7868. — À FRÉDÉRIC II, ROI DE PRUSSE.
À Ferney, 27 avril.

Sire, quand vous étiez malade, je l’étais bien aussi, et je faisais même tout comme vous de la prose et des vers, à cela près que mes vers et ma prose ne valaient pas grand’chose ; je conclus que j’étais fait pour vivre et mourir auprès de vous, et qu’il y a eu malentendu si cela n’est pas arrivé.

Me voilà capucin pendant que vous êtes jésuite ; c’est encore une raison de plus qui devait me retenir à Berlin ; cependant on dit que frère Ganganelli a condamné mes œuvres, ou du moins celles que les libraires vendent sous mon nom.

Je vais écrire à Sa Sainteté que je suis un très-bon catholique, et que je prends Votre Majesté pour mon répondant.

Je ne renonce point du tout à mon auréole ; et comme je suis près de mourir d’une fluxion de poitrine, je vous prie de me faire canoniser au plus vite cela ne coûtera que cent mille écus ; c’est marché donné.

Pour vous, sire, quand il faudra vous canoniser, on s’adressera à Marc-Aurèle. Vos dialogues[1] sont tout à fait dans son goût comme dans ses principes ; je ne sais rien de plus utile. Vous avez trouvé le secret d’être le défenseur, le législateur, l’historien, et le précepteur de votre royaume ; tout cela est pourtant vrai : je défie qu’on en dise autant de Moustapha.

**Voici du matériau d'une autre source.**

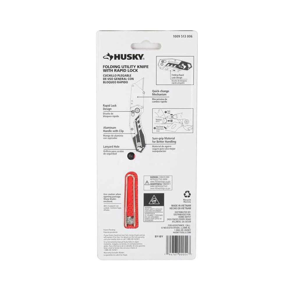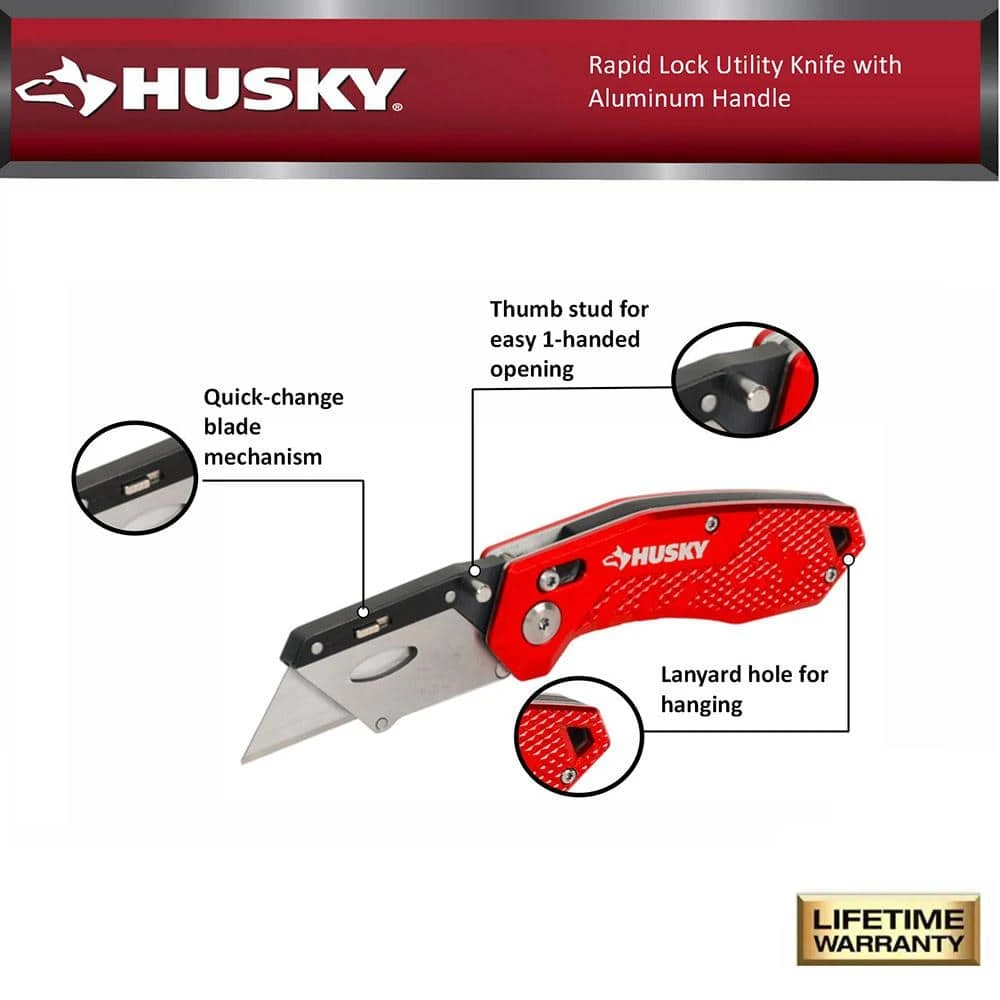 Husky Butterfly Lock Utility Knife with Aluminum Handle features a quick-change blade mechanism that accepts standard size utility blades. The Butterfly Lock design locks the blade in place for safe and efficient cutting. Convenient folding design and lightweight aluminum handle with clip makes it easy for a user to safely store the knife in their pocket. This knife is great for use at home, on the job or outdoors.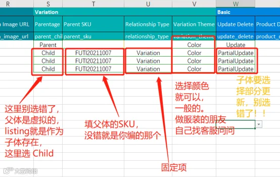 子体是需要选择部分更新 " PartialUpdate ",这个很重要。因为选择这个,才可以保留好你的原Listing信息。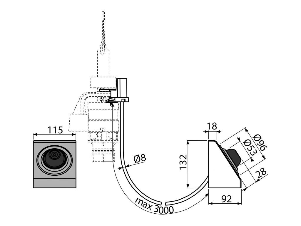 Oddálené pneumatické splachování nožní, kov, zabudování: na zeď MPO13

Vous devriez bien vous arranger pour attraper quelques dépouilles de ce gros cochon : ce serait rendre service au genre humain.

Pendant que l’empire russe et l’empire ottoman se choquent avec un fracas qui retentit jusqu’aux deux bouts du monde, la petite république de Genève est toujours sous les armes ; mon manoir est rempli d’émigrants qui s’y réfugient. La ville de Jean Calvin n’est pas édifiante pour le moment présent.

Je n’ai jamais vu tant de neige et tant de sottises. Je ne verrai bientôt rien de tout cela, car je me meurs.

Daignez recevoir la bénédiction de frère François, et m’envoyer celle de saint Ignace.

Restez un héros sur la terre, et n’abandonnez pas absolument la mémoire d’un homme dont l’âme a toujours été aux pieds de la vôtre.

  1. On trouve dans les Œuvres posthumes de Frédéric II trois dialogues. Les interlocuteurs sont, pour le premier, le prince Eugène, Marlborough et le prince de Lichtenstein ; pour le second, le duc de Choiseul, Struensée et Socrate. Le troisième est le dialogue intitulé Marc-Aurèle et un Récollet : il est de Voltaire ; voyez tome XXIII, page 479. Les Œuvres primitives de Frédéric contiennent un Dialogue de morale à l’usage de la jeune noblesse ; et c’est de celui-ci que parle ici Voltaire.